The International Criminal Court (ICC) has the power to prosecute people (but not nations or organisations) for four types of crimes: genocide, crimes against humanity, war crimes, and aggression [5]. The Rome Statute defines the structure and areas of jurisdiction of the International Criminal Court (ICC), which is critical for pursuing prosecutions for significant international damages perpetrated by people whose states have ratified, signed, or maintained the agreement [6]. These crimes are outlined in Articles 6, 7, 8, and 8 of the Rome Statute. Despite the fact that ecocide devastates the ecosystems on which people rely, it is not named or mentioned in the Rome Statute [7]. Nonetheless, as of June 2021, there is a formulated legal definition of ecocide as a prospective fifth offence under the Rome Statute of the International Criminal Court because of the efforts of the Stop Ecocide collection of lawyers [8].
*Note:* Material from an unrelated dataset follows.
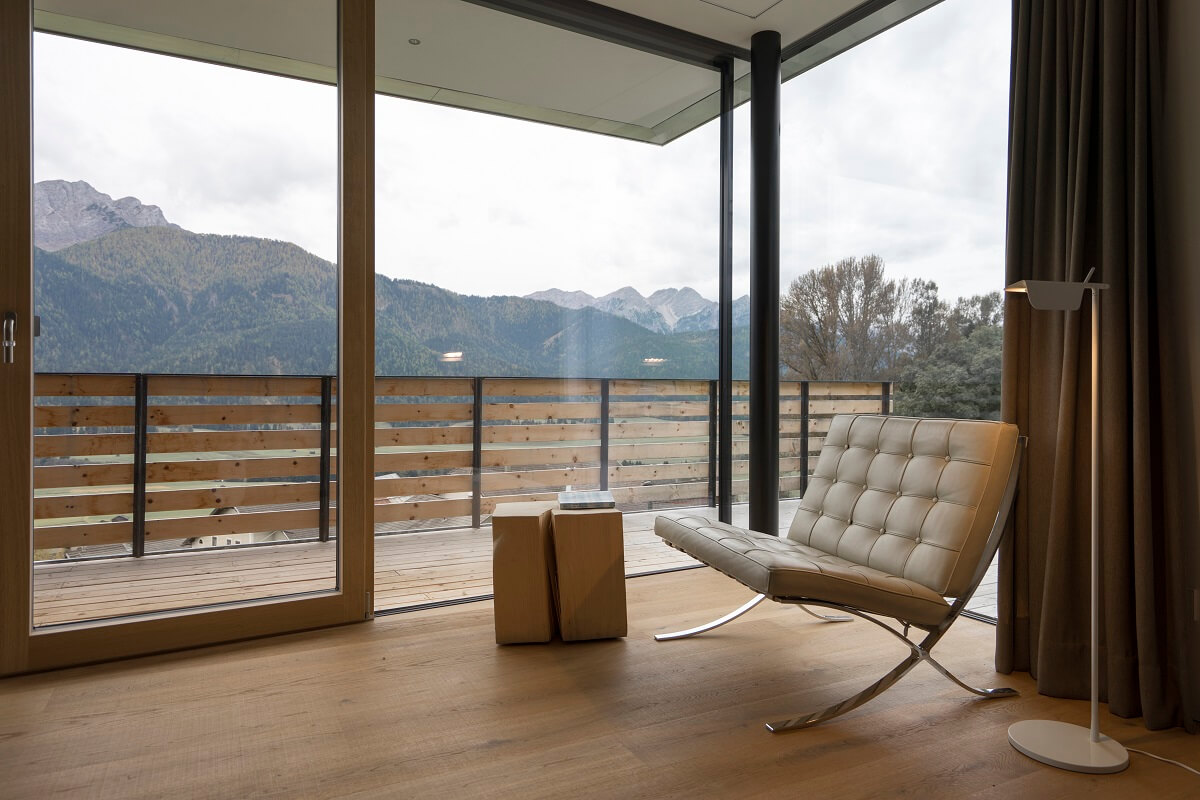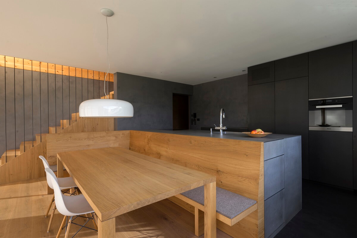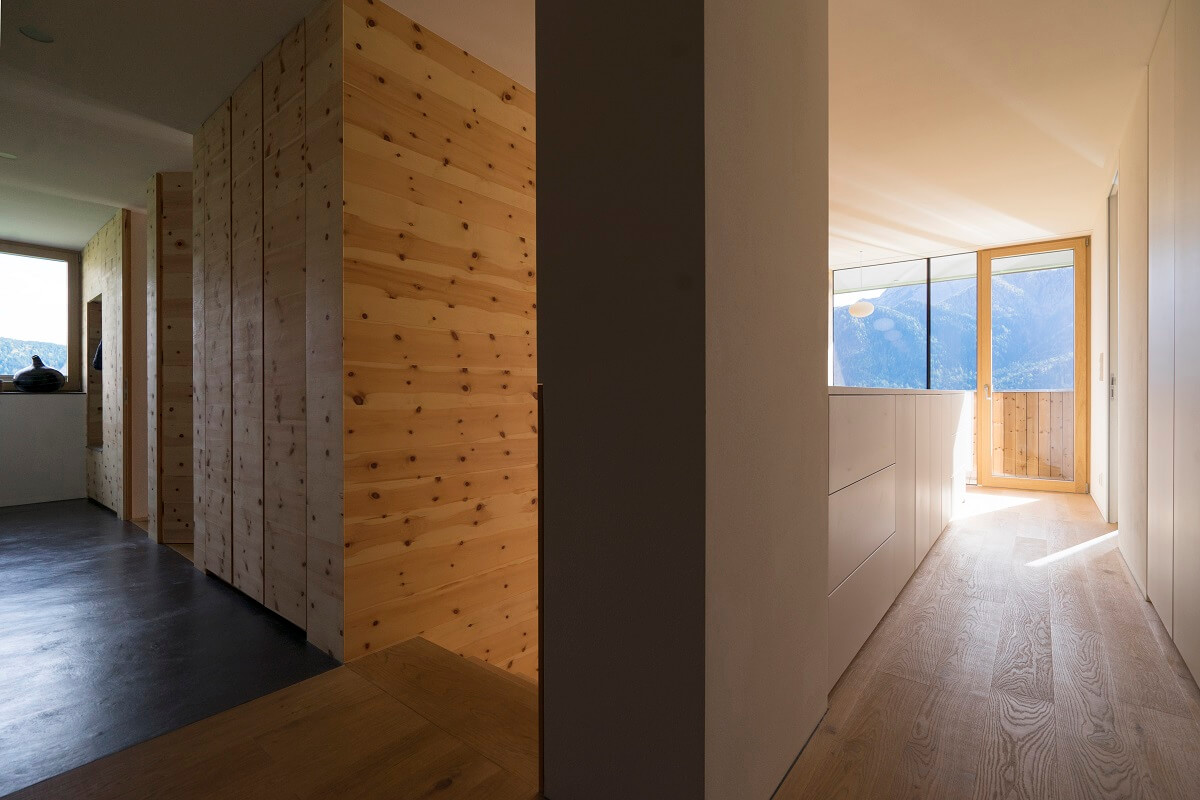 Auch im Innenraum wurde mit einer sehr reduzierten Materialpalette gearbeitet. Zirbe und Eiche schaffen einen Kontrast zwischen hell und dunkel. Das weiche Holz der Zirbe wurde für vertikale Flächen verwendet, während die strapazierfähige Eiche für Bodenflächen und hochbeanspruchte Möbelteile eingesetzt wurde.
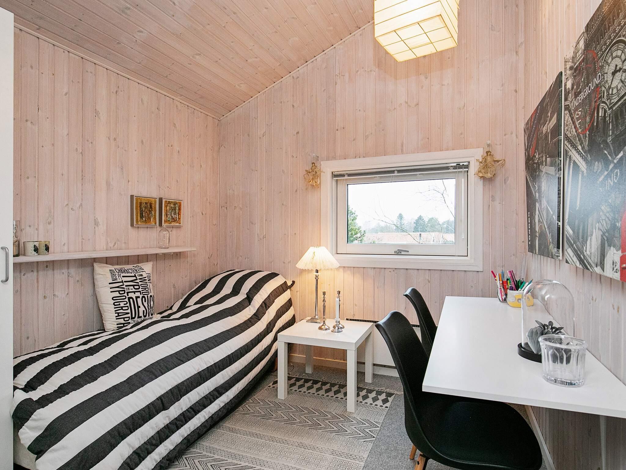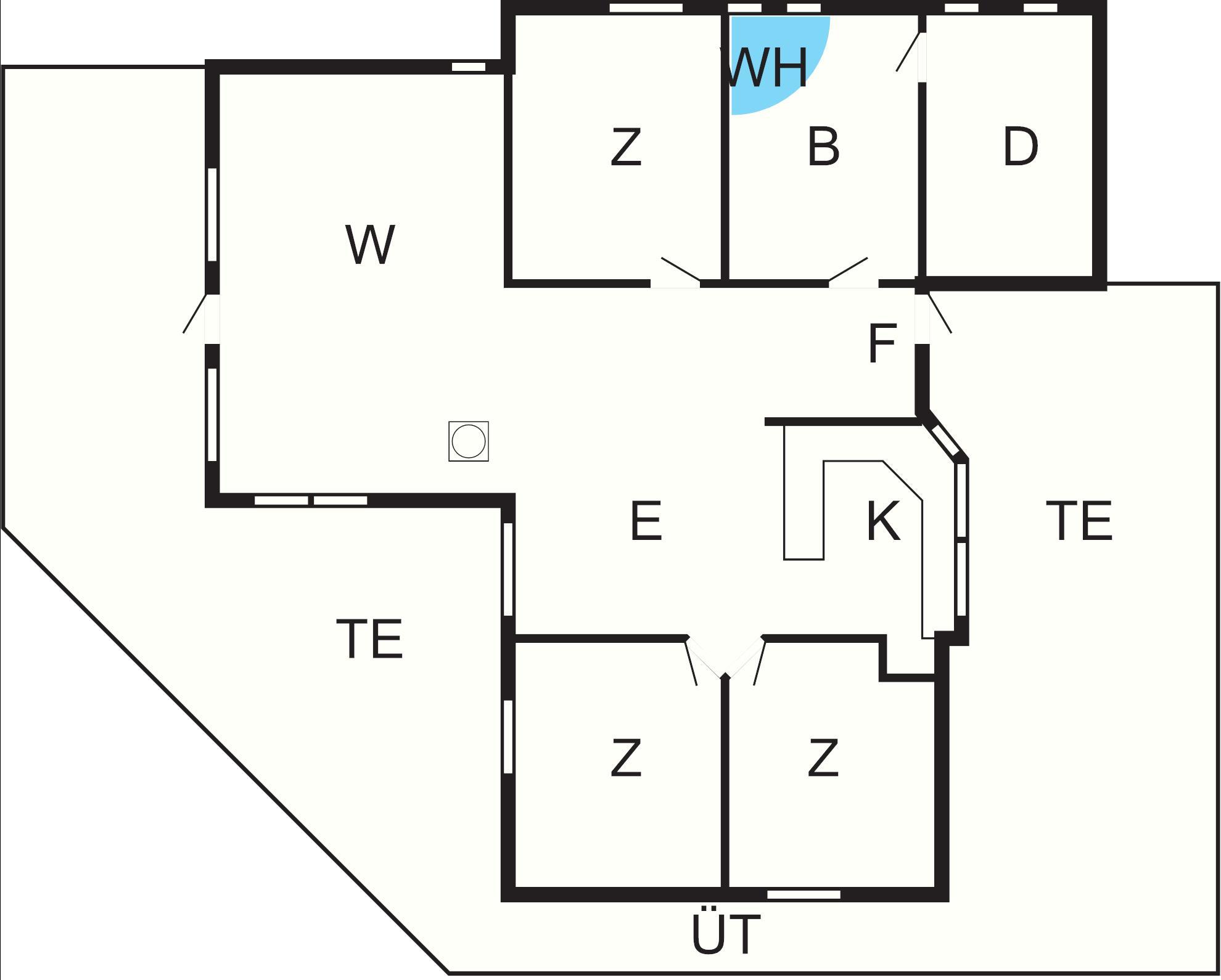 Vom Aufenthaltsbereich hat man direkten Zugang zur teilweise überdachten Terrassenfläche. Der Wohnbereich ist u.a. mit Holzofen ausgestattet. Es stehen nur dänische Sender zur Auswahl im TV. Zur Kücheneinrichtung gehören z.B. Ceranfeld, Mikrowelle und Geschirrspüler. Es gibt drei Schlafzimmer im Haus sowie einen Hems oben unter der Dachschräge. Im Bad Whirlpool für 2 Personen und Dusche.

If ecocide is recognised as a fifth category of international crime under the Rome Statute, prosecution for environmental harms would take place on a larger scale at the ICC. By incorporating ecocide into the Rome Statute, governments that have signed up to the statute must approve ecocide as a crime on an international level, or risk violating the accords outlined in the Rome Treaty itself [9]. The internationalisation of ecocide facilitates its adoption into domestic legislation and therefore into the nation’s criminal justice system, paving the way for investigators to follow when confronted with ecocide perpetrators [10].

Why has the definition of  ecocide as a potential fifth Rome Statute crime caused turbulence internationally?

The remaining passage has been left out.